Implementing a space-time rainfall model for the Sydney region
Rainfall is highly variable in space and time and is the driving process to the water dynamics of a catchment. Small and urban catchments alike demonstrate quick response times to rainfall input, hence it is important to accurately model rainfall at a high resolution in space and time. Whilst there are numerous models capable of this task at a single point, very few models are capable of the equivalent in both space and time.
This paper overviews current space-time rainfall models capable for use as a continuous input to catchment risk studies and investigates the Spatial Neyman-Scott Rectangular Pulse (SNSRP) model in detail. The SNSRP is a spatial extension of the Neyman-Scott Rectangular Pulse model at a single point. The SNSRP is therefore parsimonious and has the advantage of being calibrated solely to rain gauges. However, the idealised structure of the model, having rain-cells represented as simple cylindrical volumes of rain and without advection, imposes numerous limitations.
The SNSRP model has six parameters: storm arrival, cell arrival, cell radius, cell lifetime and two cell intensity parameters. The parameters are calibrated using least-squares fits to statistics that are based on hourly and daily rain-gauge data: mean, standard deviation, skewness, auto-correlation and cross-correlation. The model proceeds by simulating cells representing a cylindrical volume of rain that are clustered in time over the specified region.
The SNSRP model has had limited applications in recent literature, mostly in European catchments for simulating rainfall at a set of points. Consequently, this paper considers an Australian case study and implements a spatial regression of the scale parameter in order to simulate rainfall-fields over the entire region of interest. The interests of the paper are twofold: (i) to assess the SNSRP under an Australian climate and (ii) to consider the suitability of the simulated spatial images.

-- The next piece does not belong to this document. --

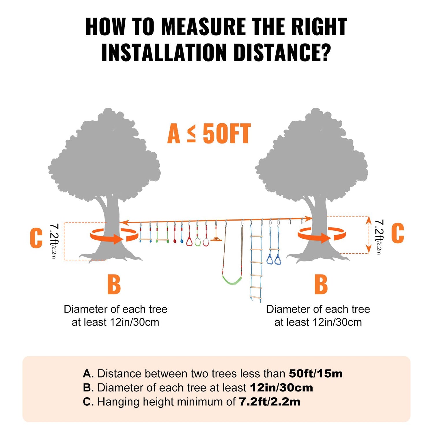 - Quick Installation and Disassembly: The outdoor playset equipment can be assembled in just 5 minutes. There's no need for a wide flat area in your yard; just fix it between two trees or poles 20 to 40 feet apart to start customizing your obstacle challenge game! It's an ideal alternative to traditional playgrounds, offering a convenient and flexible backyard challenge game for children of various ages and skill levels.

Firstly, the SNSRP is calibrated to a large network of daily and pluviograph gauges over metropolitan Sydney. The model is rigorously assessed against a range of spatial and temporal statistics from previous cast-studies, including a comparison of the SNSRP temporal statistics with the same statistics for the point Neyman-Scott model. Additionally, the calibration procedure and parameter correlation is discussed.
Secondly, the simulated images are contrasted with observed radar images and spatial statistics for the same Sydney region. Particular attention is given to the smoothness of the simulated spatial images, the spatial correlation and lack of modelled cell advection. Conclusions regarding the limitations of simulated images are however restricted to visual and statistical properties only. Further research is required to determine the impact of discrepancies between simulated and observed images on a flood or risk study.